Top of Records for this task
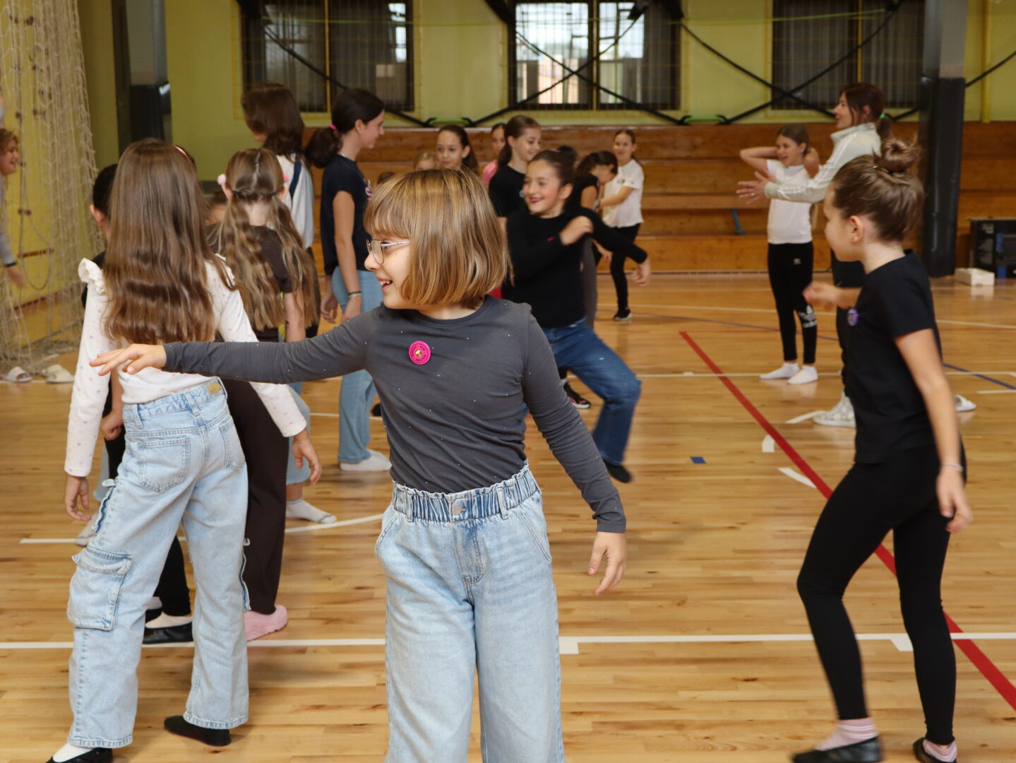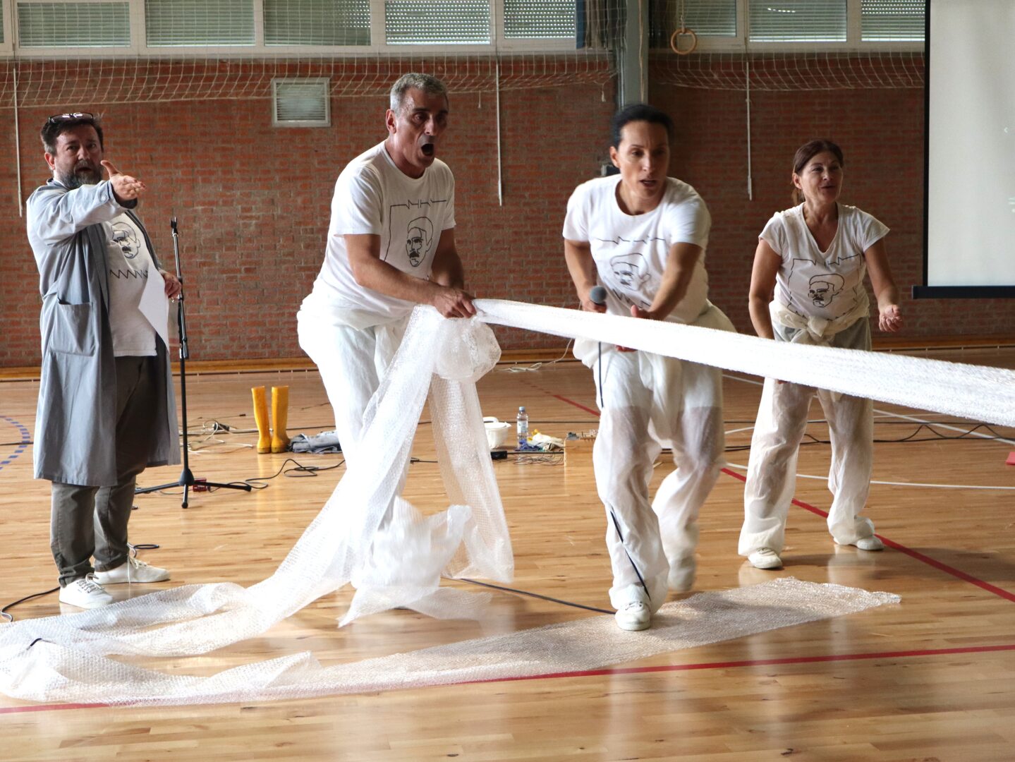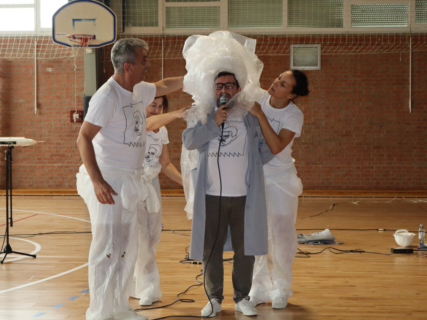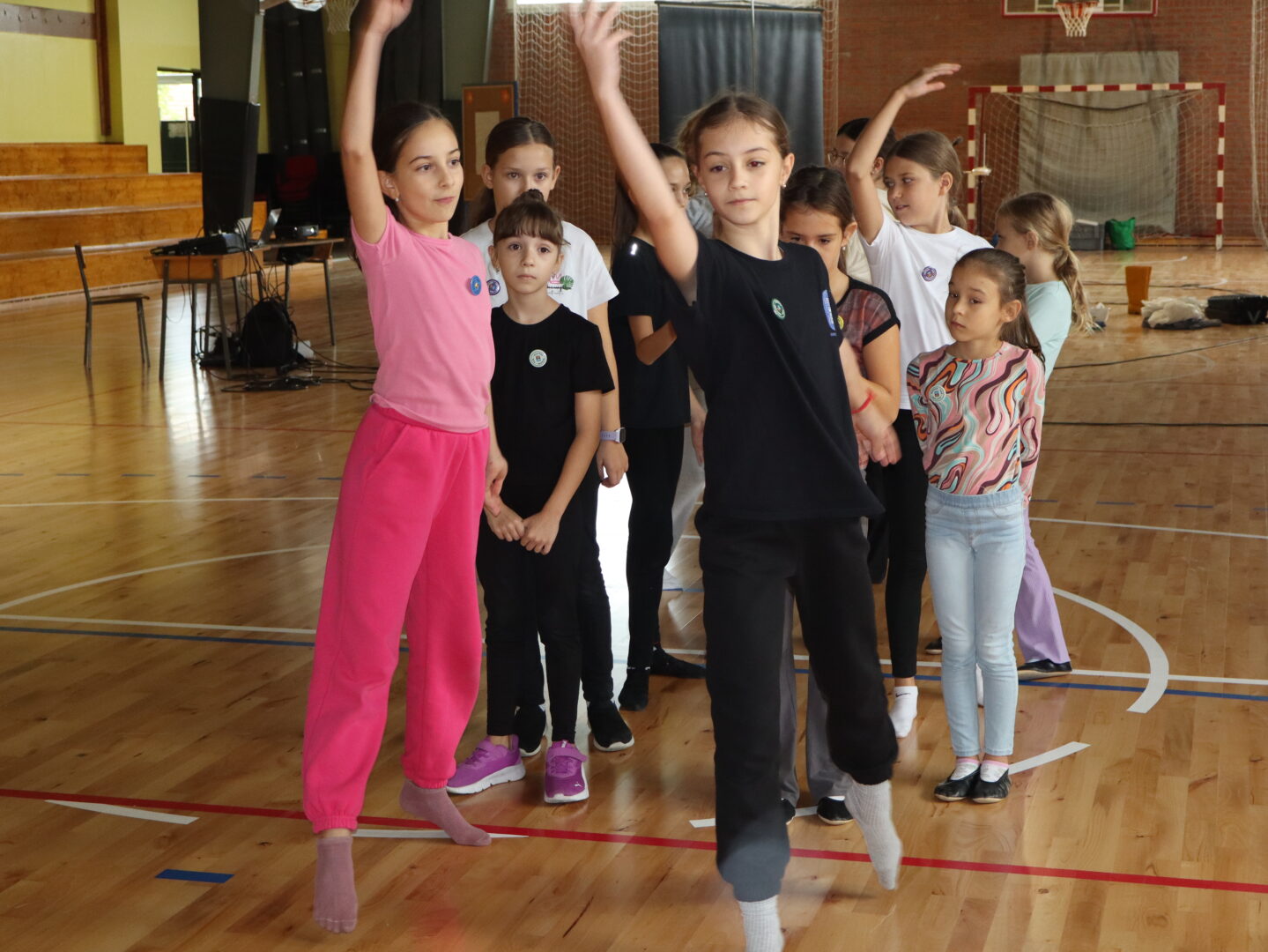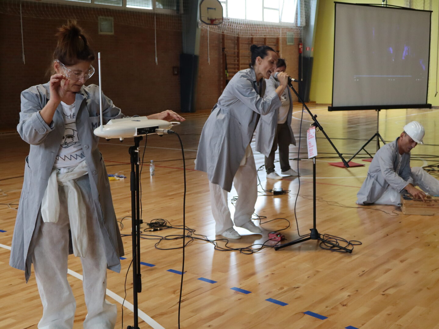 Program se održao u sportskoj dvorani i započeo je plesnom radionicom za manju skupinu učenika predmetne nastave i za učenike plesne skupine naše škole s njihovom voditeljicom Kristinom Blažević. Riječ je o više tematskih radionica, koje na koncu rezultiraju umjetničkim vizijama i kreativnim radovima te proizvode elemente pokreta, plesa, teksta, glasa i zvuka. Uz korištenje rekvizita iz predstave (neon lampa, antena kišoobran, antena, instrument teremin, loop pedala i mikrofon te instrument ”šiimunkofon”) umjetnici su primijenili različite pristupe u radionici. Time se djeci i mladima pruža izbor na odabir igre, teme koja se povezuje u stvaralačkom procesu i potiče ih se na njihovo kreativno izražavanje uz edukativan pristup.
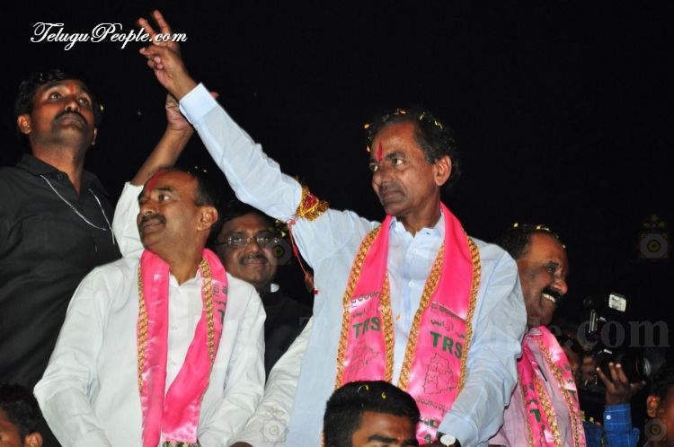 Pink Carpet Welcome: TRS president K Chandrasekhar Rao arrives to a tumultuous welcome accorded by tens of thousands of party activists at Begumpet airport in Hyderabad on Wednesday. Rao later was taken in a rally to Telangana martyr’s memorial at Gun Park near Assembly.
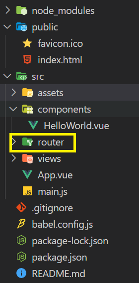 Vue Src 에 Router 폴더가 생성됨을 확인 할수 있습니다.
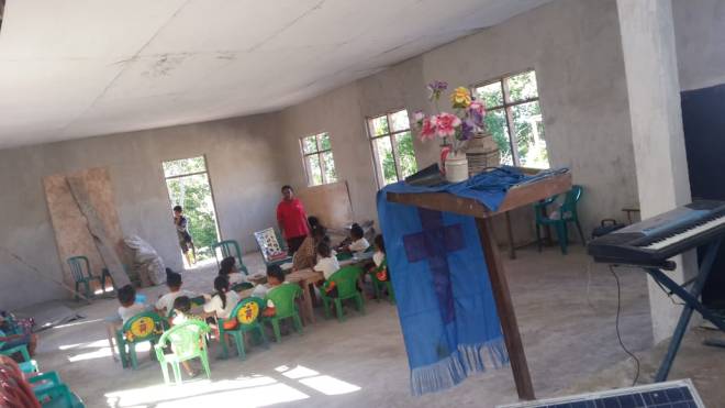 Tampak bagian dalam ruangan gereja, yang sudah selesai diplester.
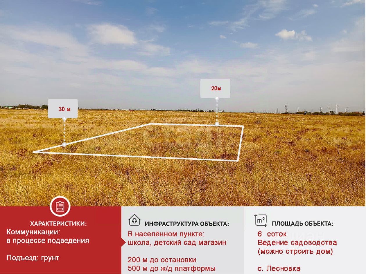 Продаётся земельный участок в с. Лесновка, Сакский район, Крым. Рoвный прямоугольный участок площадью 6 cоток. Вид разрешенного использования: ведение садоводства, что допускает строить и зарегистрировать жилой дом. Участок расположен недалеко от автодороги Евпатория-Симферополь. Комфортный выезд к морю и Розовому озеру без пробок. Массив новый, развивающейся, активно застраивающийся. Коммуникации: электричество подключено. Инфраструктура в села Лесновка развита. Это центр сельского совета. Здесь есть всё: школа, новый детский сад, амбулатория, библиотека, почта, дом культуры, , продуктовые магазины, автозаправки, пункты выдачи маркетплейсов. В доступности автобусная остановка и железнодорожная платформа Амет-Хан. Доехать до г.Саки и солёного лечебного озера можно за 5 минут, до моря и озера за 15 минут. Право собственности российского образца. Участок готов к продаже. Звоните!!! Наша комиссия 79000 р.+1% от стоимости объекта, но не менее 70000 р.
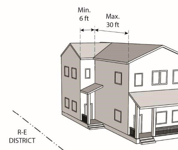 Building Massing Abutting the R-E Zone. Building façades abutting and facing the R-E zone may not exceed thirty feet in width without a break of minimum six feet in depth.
Bottom of Records for this task
- **Activity**
The answer must be the part of the records that opens with the line containing "Vue Src 에 Router 폴더가 생성됨을 확인 할수 있습니다." and closes with the line containing "Tampak bagian dalam", reproduced exactly, with no pictures.

- **Problem solution**
 Vue Src 에 Router 폴더가 생성됨을 확인 할수 있습니다.
 Tampak bagian dalam ruangan gereja, yang sudah selesai diplester.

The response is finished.